Gaither, Sprague, Gordon Gray, and national security adviser Robert Cutler listed other names to serve on the panel. They chose William C. Foster, deputy secretary of defense in the early 1950s; James Phinney Baxter III, president of Williams College, former member of Killian’s committee, and author of Scientists Against Time, a history of operations research during World War II; William Webster and James Perkins, who had both worked on civil-defense studies; Jerome Wiesner of MIT, a participant in many studies on weapons analysis; Robert Prim and Hector Skifter of Bell Labs and Airborne Instruments; Robert Calkins and John Corson, two economists; and the panel’s technical adviser, Edward P. Oliver, an engineer from RAND.

Rowan Gaither had been the wealthy San Francisco lawyer who, not quite a decade earlier, helped Frank Collbohm turn RAND into an independent nonprofit corporation. Now he was chairman of the board of the Ford Foundation and chairman of the board at RAND. After accepting Eisenhower’s offer, he called on several of the top analysts at RAND for advice on how to pursue the matter at hand.

One of those he called upon was Albert Wohlstetter.
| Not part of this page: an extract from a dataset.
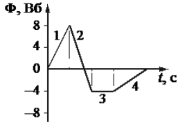 На рисунке показан график зависимости магнитного потока, пронизывающего контур, от времени. На каком из участков графика (1, 2, 3 или 4) в контуре возникает максимальная по модулю ЭДС индукции?

Wohlstetter had only recently begun to brief R-290 around the Pentagon, and firmly believed that the issues raised in that study were the most important in the entire realm of national security. This round of briefings was progressing more briskly than had been the case with the early months of his overseas-base study of a few years earlier. Already, he had briefed R-290 to Defense Secretary Charles Wilson, and accompanying him to that briefing had been not only a fair number of Air Force generals but also General Nathan Twining, Chairman of the Joint Chiefs of Staff. But now Gaither was talking about something potentially larger—a Presidentially appointed commission, packed with prominent names, that might change the whole focus of the Eisenhower Administration’s skimpy and unimaginative defense policies.

Wohlstetter tried to convince Gaither that civil defense did not lie at the heart of the matter. He reminded Gaither of the R-290 and overseas-base studies, which Wohlstetter had briefed to him as chairman of RAND’s board of directors. Wohlstetter suggested that the vulnerability of SAC was the most critical issue facing the country, far more critical than civil defense, and that perhaps Gaither should broaden the terms of his mandate to include the problem of maintaining a ready and effective second-strike capability in the face of a Soviet surprise attack.
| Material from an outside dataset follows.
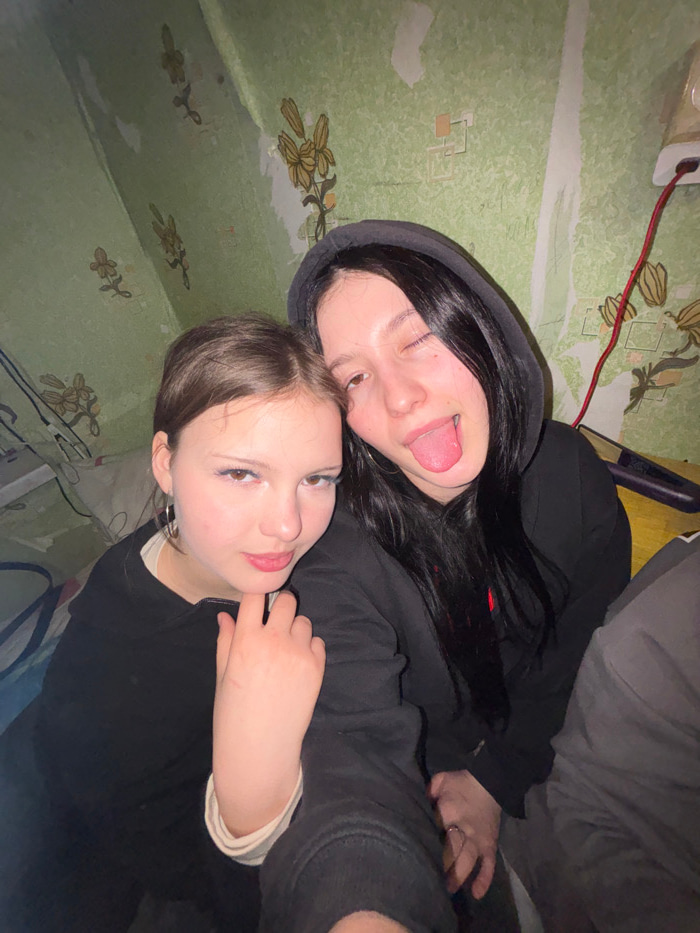 Two young females are depicted in a close-up selfie-style image, taken indoors in the city of Фоки, Russia. The female on the left has light brown hair, wears a dark long-sleeved top over a lighter-co…read more

Gaither agreed and when the panel began to meet very secretly that summer in the Executive Office Building next door to the White House, he had little trouble convincing the other members that they should perhaps consider civil defense in the context of broader security issues. Certainly Robert Sprague and Phinney Baxter had no problems with the idea, having served just two years earlier on Killian’s surprise attack panel.

By August the project was under way. An advisory panel of still more prominent men had been established to give the committee greater prestige and credibility—Ernest Lawrence of Livermore Lab, former Defense Secretary Robert Lovett, John McCloy of Chase Manhattan Bank, Frank Stanton of CBS, Mervin Kelly of Bell Labs, General Jimmy Doolittle, General John Hull, former Chief of Naval Operations Admiral Robert Carney. And the steering panel—the original group composed of Gaither, Sprague, Baxter, Foster and the rest—organized a team of seventy-one scientists, economists, weapons experts, and past and present government officials to serve as a vast research staff.